* [Exercise objective]
Where the records below show a line containing "圖 4. MFAM 收縮驅動演示。(A)", start copying; end with the line containing "Cluttered workbench with", and copy it too.

* [Input data]
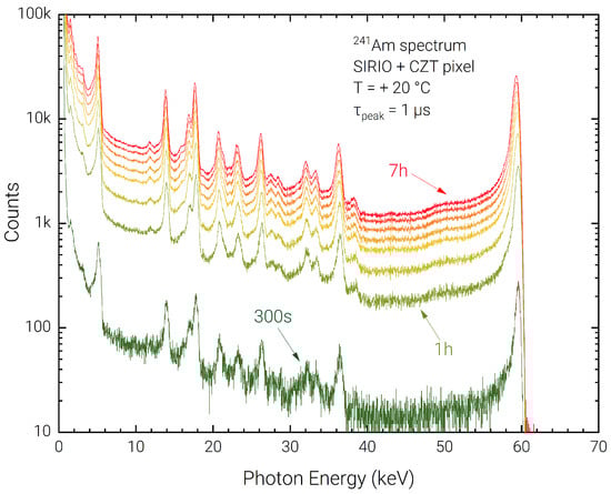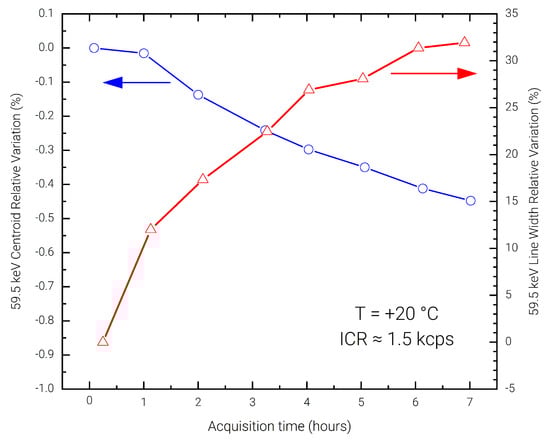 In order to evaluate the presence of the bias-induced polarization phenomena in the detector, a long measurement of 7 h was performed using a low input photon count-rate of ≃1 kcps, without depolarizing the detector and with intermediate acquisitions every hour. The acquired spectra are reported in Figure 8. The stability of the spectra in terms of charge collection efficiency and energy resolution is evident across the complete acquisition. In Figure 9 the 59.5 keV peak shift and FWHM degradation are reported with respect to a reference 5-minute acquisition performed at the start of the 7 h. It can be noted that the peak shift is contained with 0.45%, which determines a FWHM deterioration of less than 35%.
...
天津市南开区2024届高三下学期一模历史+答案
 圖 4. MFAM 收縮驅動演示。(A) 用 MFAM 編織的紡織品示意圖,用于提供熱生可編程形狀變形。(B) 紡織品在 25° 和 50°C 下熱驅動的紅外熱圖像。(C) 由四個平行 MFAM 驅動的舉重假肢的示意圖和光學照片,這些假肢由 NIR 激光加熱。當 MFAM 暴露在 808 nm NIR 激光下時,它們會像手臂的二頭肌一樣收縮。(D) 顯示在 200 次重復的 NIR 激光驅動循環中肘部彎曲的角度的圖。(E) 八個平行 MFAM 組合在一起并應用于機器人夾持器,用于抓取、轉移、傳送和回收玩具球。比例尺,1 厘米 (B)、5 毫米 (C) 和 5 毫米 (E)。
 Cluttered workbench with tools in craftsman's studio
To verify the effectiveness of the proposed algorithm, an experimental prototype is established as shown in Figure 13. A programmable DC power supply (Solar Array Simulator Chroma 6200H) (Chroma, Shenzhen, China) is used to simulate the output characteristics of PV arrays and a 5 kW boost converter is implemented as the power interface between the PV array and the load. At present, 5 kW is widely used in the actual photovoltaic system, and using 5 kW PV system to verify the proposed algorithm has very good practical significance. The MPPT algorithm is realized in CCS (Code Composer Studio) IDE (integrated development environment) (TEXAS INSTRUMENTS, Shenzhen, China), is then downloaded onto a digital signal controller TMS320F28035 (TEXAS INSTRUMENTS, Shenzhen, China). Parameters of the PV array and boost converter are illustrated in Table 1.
---
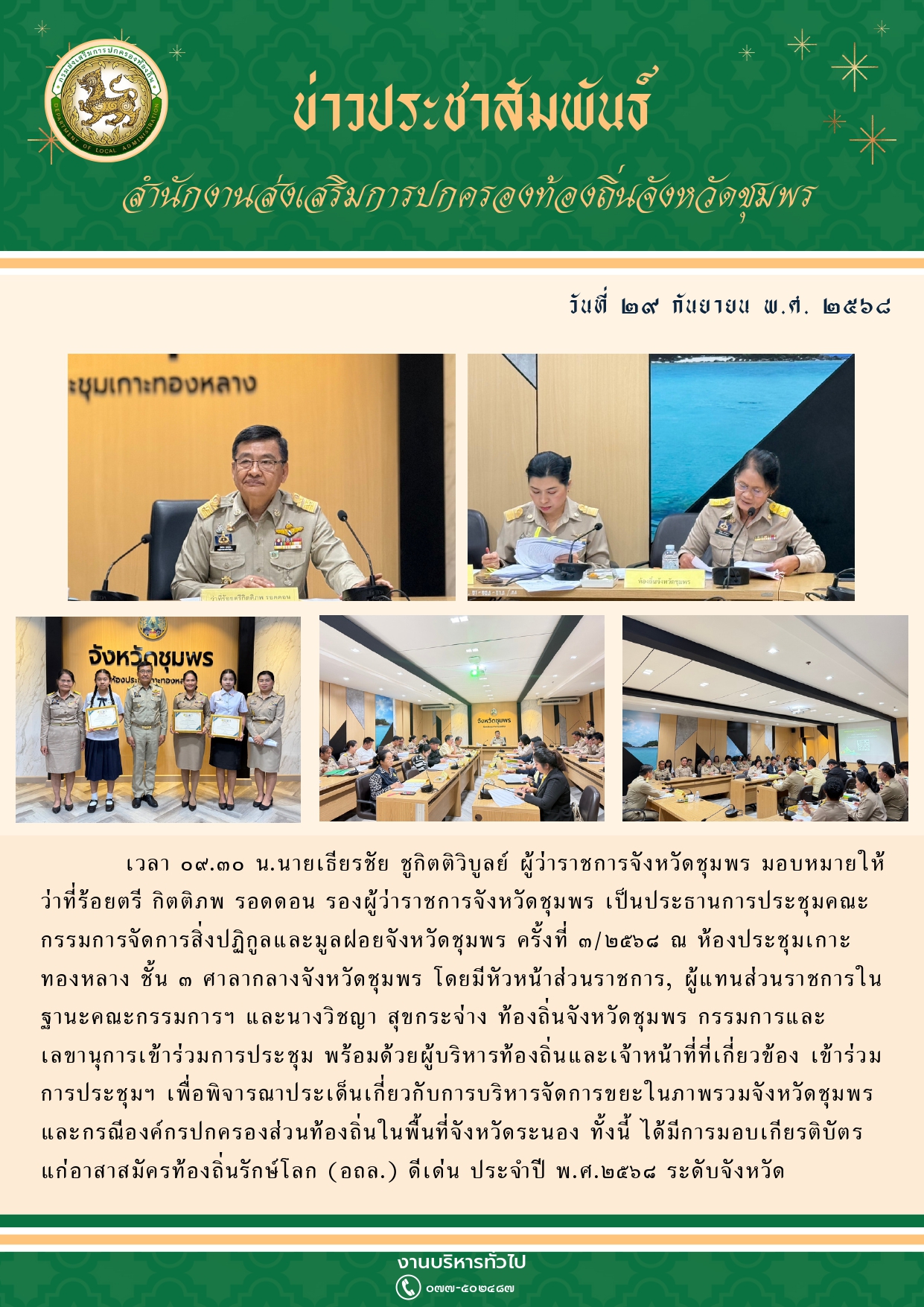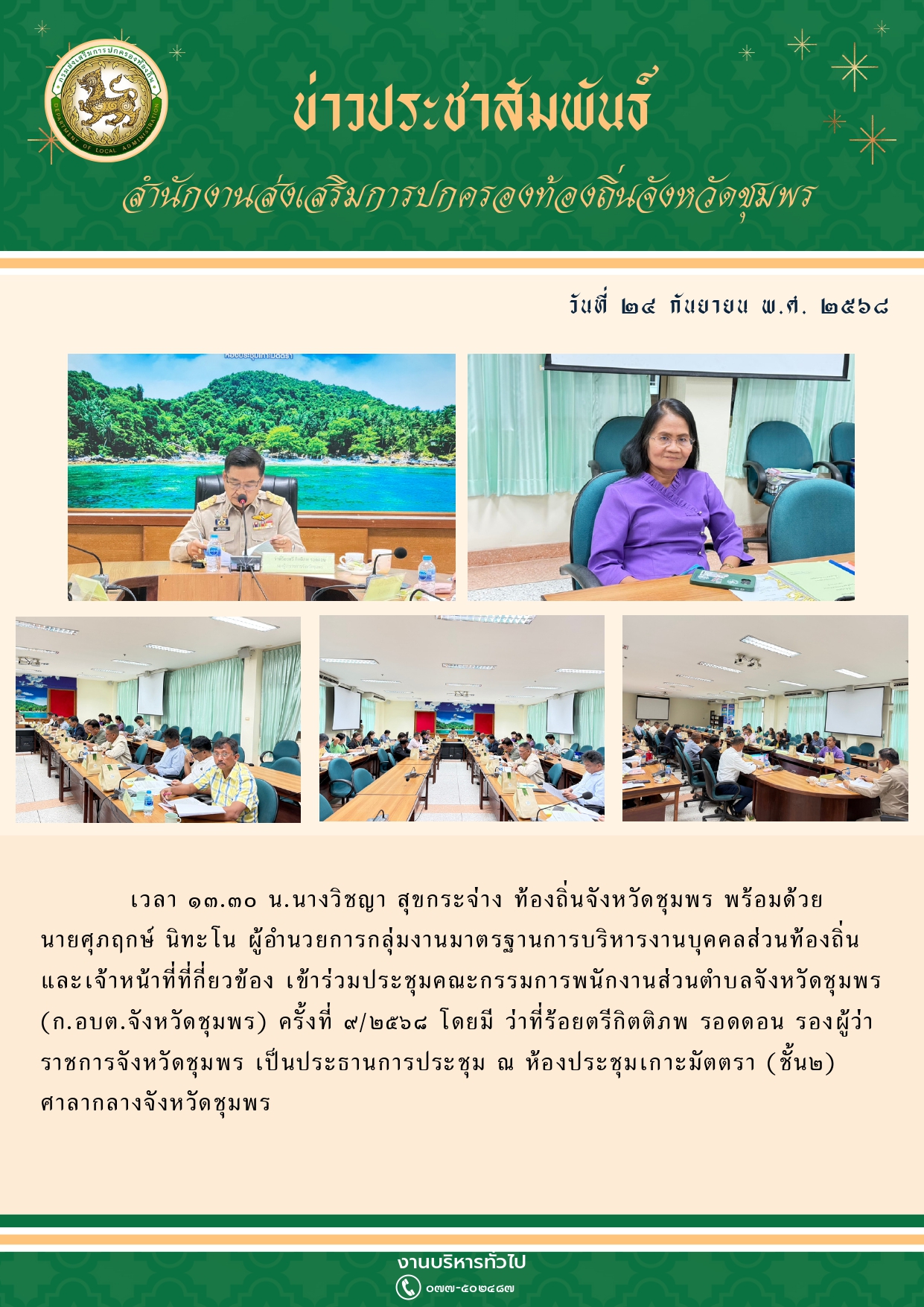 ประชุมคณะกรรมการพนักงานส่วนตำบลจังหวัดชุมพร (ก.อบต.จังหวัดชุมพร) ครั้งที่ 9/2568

* [Response box]
 圖 4. MFAM 收縮驅動演示。(A) 用 MFAM 編織的紡織品示意圖,用于提供熱生可編程形狀變形。(B) 紡織品在 25° 和 50°C 下熱驅動的紅外熱圖像。(C) 由四個平行 MFAM 驅動的舉重假肢的示意圖和光學照片,這些假肢由 NIR 激光加熱。當 MFAM 暴露在 808 nm NIR 激光下時,它們會像手臂的二頭肌一樣收縮。(D) 顯示在 200 次重復的 NIR 激光驅動循環中肘部彎曲的角度的圖。(E) 八個平行 MFAM 組合在一起并應用于機器人夾持器,用于抓取、轉移、傳送和回收玩具球。比例尺,1 厘米 (B)、5 毫米 (C) 和 5 毫米 (E)。
 Cluttered workbench with tools in craftsman's studio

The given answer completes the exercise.